Introduction to KerasHub
KerasHub, formerly known as KerasNLP, is a modern and dynamic library designed to cater to the diverse needs of today's machine learning practitioners. It supports a wide array of fields, including natural language processing (NLP), computer vision, audio, and multimodal tasks. One of its standout features is its compatibility with multiple frameworks, such as TensorFlow, JAX, and PyTorch, allowing seamless integration and flexibility in model deployment and development.
What Makes KerasHub Unique?
KerasHub distinguishes itself by providing an extensive repository of pre-trained models, alongside a collection of foundational building blocks tailored for various machine learning tasks. Built on the robust Keras 3 platform, models in KerasHub can be easily trained and saved in one framework and then reused in another, eliminating the hassle of extensive migrations.
Core Features
- Multi-Framework Support: The library ensures that from a single model definition, one can work seamlessly across JAX, TensorFlow, and PyTorch. This capability is enhanced by its efficiency on both GPUs and TPUs.

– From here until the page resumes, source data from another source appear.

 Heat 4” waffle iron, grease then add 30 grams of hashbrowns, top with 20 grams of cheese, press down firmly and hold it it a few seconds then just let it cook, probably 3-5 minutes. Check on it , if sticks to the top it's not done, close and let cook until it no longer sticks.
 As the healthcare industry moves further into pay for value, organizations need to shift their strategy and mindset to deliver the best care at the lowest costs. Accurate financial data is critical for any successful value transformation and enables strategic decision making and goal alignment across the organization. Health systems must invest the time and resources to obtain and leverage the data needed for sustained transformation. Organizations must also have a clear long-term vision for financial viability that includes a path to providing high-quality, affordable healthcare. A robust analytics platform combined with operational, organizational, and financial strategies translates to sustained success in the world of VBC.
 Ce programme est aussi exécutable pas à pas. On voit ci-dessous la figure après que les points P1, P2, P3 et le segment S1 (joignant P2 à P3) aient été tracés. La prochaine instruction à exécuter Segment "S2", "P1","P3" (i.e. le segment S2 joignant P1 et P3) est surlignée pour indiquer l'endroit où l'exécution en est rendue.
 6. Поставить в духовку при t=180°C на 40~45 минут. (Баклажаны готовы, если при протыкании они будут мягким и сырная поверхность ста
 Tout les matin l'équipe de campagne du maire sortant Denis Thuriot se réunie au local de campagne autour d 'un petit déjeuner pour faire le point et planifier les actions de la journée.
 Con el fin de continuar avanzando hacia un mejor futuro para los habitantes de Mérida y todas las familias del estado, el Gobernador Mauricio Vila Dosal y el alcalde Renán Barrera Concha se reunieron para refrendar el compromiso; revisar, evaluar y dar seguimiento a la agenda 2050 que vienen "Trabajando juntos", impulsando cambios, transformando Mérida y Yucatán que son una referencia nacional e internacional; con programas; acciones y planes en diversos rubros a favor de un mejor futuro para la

- Scalable Fine-tuning: Models can be fine-tuned at scale, utilizing model and data parallel training, making them adaptable to different hardware accelerators.

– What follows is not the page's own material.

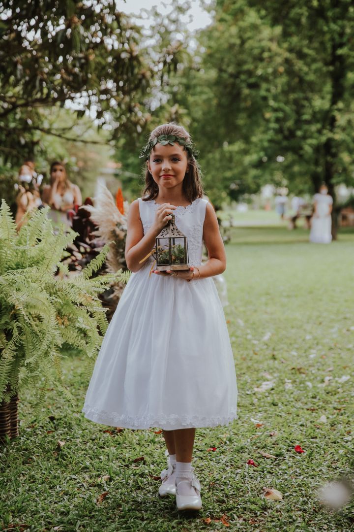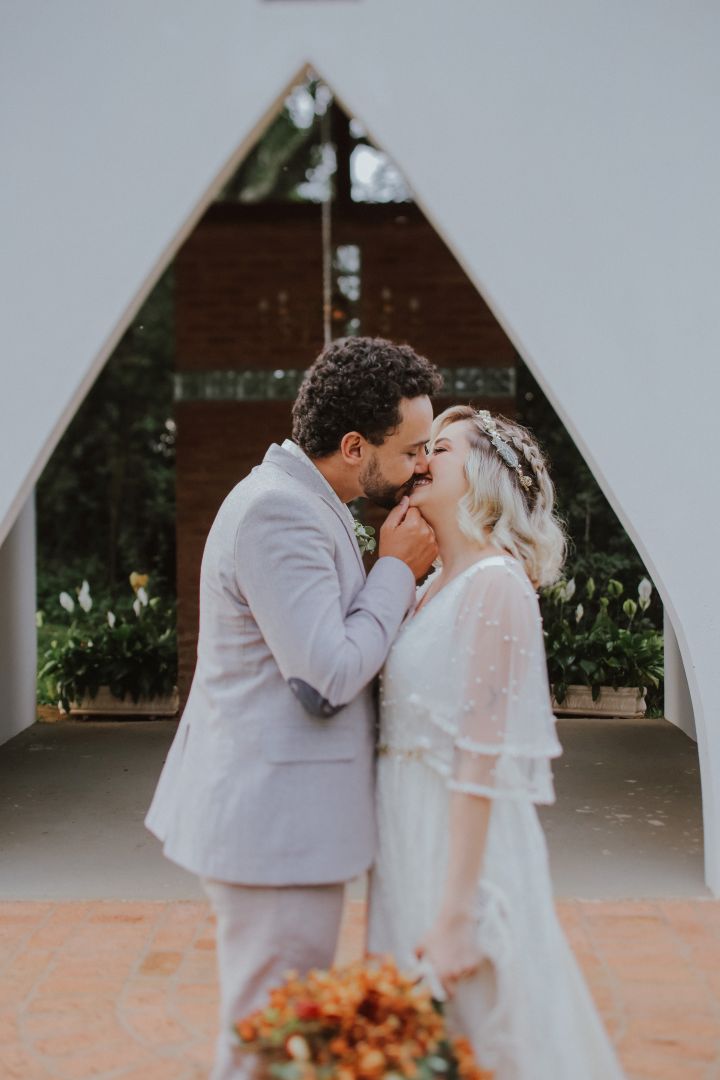 Tivemos que cancelar a data de abril, e como não tínhamos certeza de mais nada, remarcamos para o mês de junho. Ao entrar no mês de junho, a situação só piorou, e tivemos que cancelar a festa mais uma vez. Decidimos então manter o casamento civil. Fizemos uma pequena cerimônia na casa dos meus pais, decoramos e fizemos uma transmissão ao vivo para os convidados. Foi tão lindo! Foi como sonhávamos desde o começo, desde quando começamos a falar sobre casamento. Uma cerimônia apenas com os pais e os avós, simples, natural e emocionante”.

- User-Friendly Architecture: As an extension of the core Keras API, KerasHub's architecture of Layers and Models makes it very accessible for those already familiar with Keras, facilitating a smooth learning curve.
Getting Started with KerasHub
For newcomers eager to dive in, KerasHub offers a simple yet powerful Python-based API. For example, one can fine-tune a BERT classifier using IMDb movie reviews. Here's a brief overview of how it's done:
import os
os.environ["KERAS_BACKEND"] = "jax" # Or "tensorflow" or "torch"!
import keras_hub
import tensorflow_datasets as tfds
imdb_train, imdb_test = tfds.load(
"imdb_reviews",
split=["train", "test"],
as_supervised=True,
batch_size=16,
)
# Load a BERT model.
classifier = keras_hub.models.Classifier.from_preset(
"bert_base_en",
num_classes=2,
activation="softmax",
)
# Fine-tune on IMDb movie reviews.
classifier.fit(imdb_train, validation_data=imdb_test)
# Predict two new examples.
classifier.predict(["What an amazing movie!", "A total waste of my time."])
For more detailed guides and examples, the KerasHub documentation and website provide a comprehensive resource.
Installation and Backend Configuration
To explore the latest features of KerasHub, users can easily install the library using:
pip install keras-hub
KerasHub is designed to be used alongside TensorFlow for data preprocessing via the tf.data
API, though training can be conducted on any backend. Users are encouraged to set their preferred backend (JAX, TensorFlow, or PyTorch) through the KERAS_BACKEND
environment variable before importing any Keras libraries to ensure proper setup.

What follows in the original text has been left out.